# PROBLEM DETAILS:
For the material below, return exactly the lines starting at the one holding "责任编辑:小浪快报 今年以来春兴精工已经7次登上龙虎榜,最近一次 ..." and ending at the one holding "以音樂、歌劇立都的義大利威尼", counting both as part of the range.

# THE RECORDS:
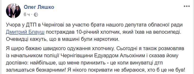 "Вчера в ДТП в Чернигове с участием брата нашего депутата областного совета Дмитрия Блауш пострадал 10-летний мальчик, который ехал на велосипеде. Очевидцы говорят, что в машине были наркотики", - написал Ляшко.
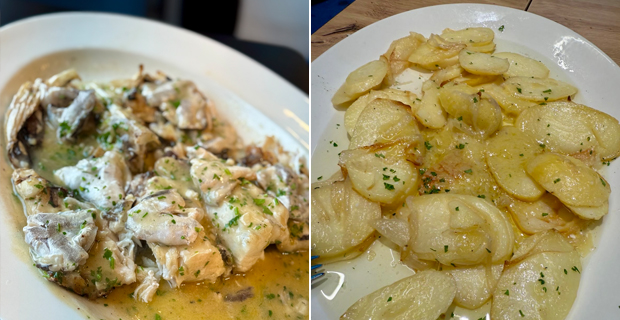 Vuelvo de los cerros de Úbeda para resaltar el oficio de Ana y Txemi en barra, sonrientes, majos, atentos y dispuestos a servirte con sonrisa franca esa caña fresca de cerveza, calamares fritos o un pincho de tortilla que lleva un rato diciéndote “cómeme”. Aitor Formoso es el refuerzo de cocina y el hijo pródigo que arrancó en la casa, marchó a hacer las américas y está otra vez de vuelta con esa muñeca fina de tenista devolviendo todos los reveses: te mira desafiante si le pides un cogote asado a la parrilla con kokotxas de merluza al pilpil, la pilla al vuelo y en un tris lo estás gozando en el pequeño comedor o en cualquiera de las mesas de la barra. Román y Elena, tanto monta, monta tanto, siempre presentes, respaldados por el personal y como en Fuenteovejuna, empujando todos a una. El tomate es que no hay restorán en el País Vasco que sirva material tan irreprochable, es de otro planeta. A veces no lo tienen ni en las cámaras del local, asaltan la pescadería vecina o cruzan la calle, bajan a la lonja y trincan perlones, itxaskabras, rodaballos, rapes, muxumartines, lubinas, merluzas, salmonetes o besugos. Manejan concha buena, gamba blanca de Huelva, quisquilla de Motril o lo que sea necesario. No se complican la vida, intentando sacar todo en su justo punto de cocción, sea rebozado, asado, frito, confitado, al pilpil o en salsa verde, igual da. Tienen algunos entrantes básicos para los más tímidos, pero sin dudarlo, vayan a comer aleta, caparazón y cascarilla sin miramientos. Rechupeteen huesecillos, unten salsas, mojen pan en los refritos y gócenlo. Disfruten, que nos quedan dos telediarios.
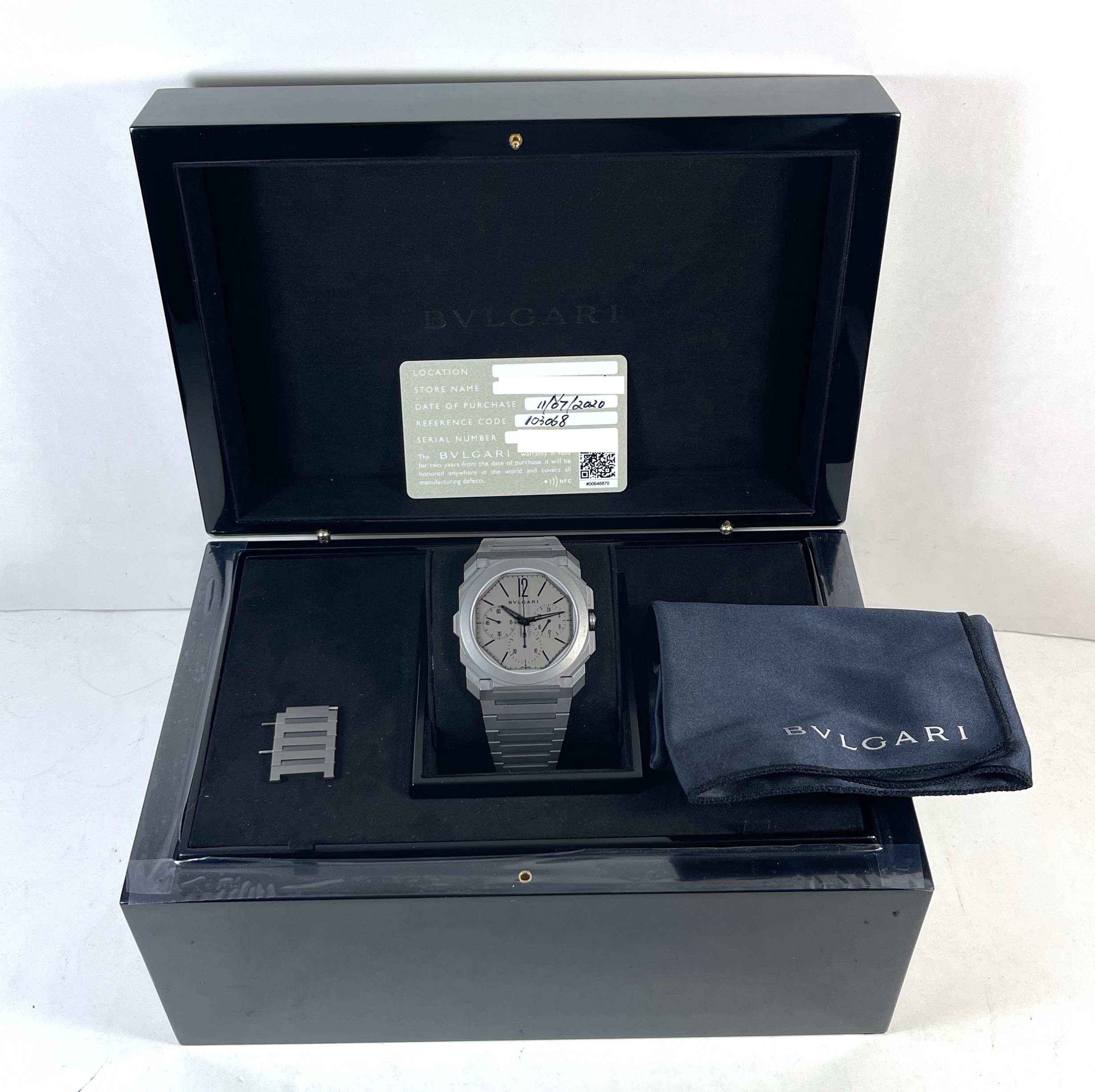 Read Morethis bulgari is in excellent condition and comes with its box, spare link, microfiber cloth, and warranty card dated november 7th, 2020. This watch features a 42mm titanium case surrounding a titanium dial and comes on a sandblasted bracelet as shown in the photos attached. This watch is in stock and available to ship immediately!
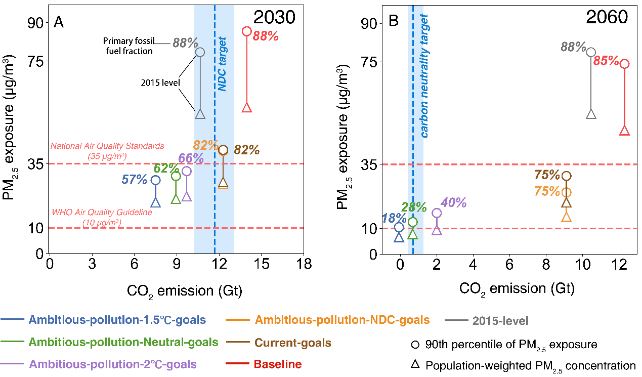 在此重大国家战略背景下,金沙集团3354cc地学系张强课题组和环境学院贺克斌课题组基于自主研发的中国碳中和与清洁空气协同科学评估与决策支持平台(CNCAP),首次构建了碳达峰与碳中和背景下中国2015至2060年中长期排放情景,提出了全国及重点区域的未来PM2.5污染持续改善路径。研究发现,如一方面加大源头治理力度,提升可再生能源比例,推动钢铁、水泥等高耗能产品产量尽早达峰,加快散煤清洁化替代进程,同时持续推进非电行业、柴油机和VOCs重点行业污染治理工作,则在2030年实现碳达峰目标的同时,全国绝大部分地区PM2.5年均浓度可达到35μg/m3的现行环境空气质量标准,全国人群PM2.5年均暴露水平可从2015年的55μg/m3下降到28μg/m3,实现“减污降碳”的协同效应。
---
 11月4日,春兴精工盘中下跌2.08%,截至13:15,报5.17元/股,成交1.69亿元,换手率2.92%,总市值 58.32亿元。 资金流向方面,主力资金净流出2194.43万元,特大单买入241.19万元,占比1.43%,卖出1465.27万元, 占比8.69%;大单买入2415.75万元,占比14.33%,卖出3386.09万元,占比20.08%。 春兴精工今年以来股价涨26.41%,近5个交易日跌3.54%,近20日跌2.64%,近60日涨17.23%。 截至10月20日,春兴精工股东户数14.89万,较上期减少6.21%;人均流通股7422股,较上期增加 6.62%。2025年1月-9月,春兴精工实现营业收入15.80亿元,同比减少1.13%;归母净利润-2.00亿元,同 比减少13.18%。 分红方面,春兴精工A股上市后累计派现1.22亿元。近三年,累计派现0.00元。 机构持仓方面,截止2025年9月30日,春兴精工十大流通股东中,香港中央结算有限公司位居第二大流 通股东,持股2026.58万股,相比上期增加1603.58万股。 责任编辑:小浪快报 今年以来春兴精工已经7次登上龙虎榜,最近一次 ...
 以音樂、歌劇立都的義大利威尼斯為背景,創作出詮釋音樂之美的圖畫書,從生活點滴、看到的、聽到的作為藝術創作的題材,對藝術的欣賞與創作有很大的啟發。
--
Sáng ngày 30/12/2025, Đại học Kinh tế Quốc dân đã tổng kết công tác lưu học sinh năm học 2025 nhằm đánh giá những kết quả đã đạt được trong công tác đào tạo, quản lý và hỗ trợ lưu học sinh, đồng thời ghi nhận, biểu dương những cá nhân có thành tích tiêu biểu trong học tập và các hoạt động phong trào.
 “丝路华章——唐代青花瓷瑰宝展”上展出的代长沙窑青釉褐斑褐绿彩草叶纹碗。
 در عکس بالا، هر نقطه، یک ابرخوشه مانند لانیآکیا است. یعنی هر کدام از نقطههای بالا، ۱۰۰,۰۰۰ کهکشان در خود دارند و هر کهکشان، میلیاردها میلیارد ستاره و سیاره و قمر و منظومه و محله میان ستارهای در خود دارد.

# TASK OUTPUT:
 11月4日,春兴精工盘中下跌2.08%,截至13:15,报5.17元/股,成交1.69亿元,换手率2.92%,总市值 58.32亿元。 资金流向方面,主力资金净流出2194.43万元,特大单买入241.19万元,占比1.43%,卖出1465.27万元, 占比8.69%;大单买入2415.75万元,占比14.33%,卖出3386.09万元,占比20.08%。 春兴精工今年以来股价涨26.41%,近5个交易日跌3.54%,近20日跌2.64%,近60日涨17.23%。 截至10月20日,春兴精工股东户数14.89万,较上期减少6.21%;人均流通股7422股,较上期增加 6.62%。2025年1月-9月,春兴精工实现营业收入15.80亿元,同比减少1.13%;归母净利润-2.00亿元,同 比减少13.18%。 分红方面,春兴精工A股上市后累计派现1.22亿元。近三年,累计派现0.00元。 机构持仓方面,截止2025年9月30日,春兴精工十大流通股东中,香港中央结算有限公司位居第二大流 通股东,持股2026.58万股,相比上期增加1603.58万股。 责任编辑:小浪快报 今年以来春兴精工已经7次登上龙虎榜,最近一次 ...
 以音樂、歌劇立都的義大利威尼斯為背景,創作出詮釋音樂之美的圖畫書,從生活點滴、看到的、聽到的作為藝術創作的題材,對藝術的欣賞與創作有很大的啟發。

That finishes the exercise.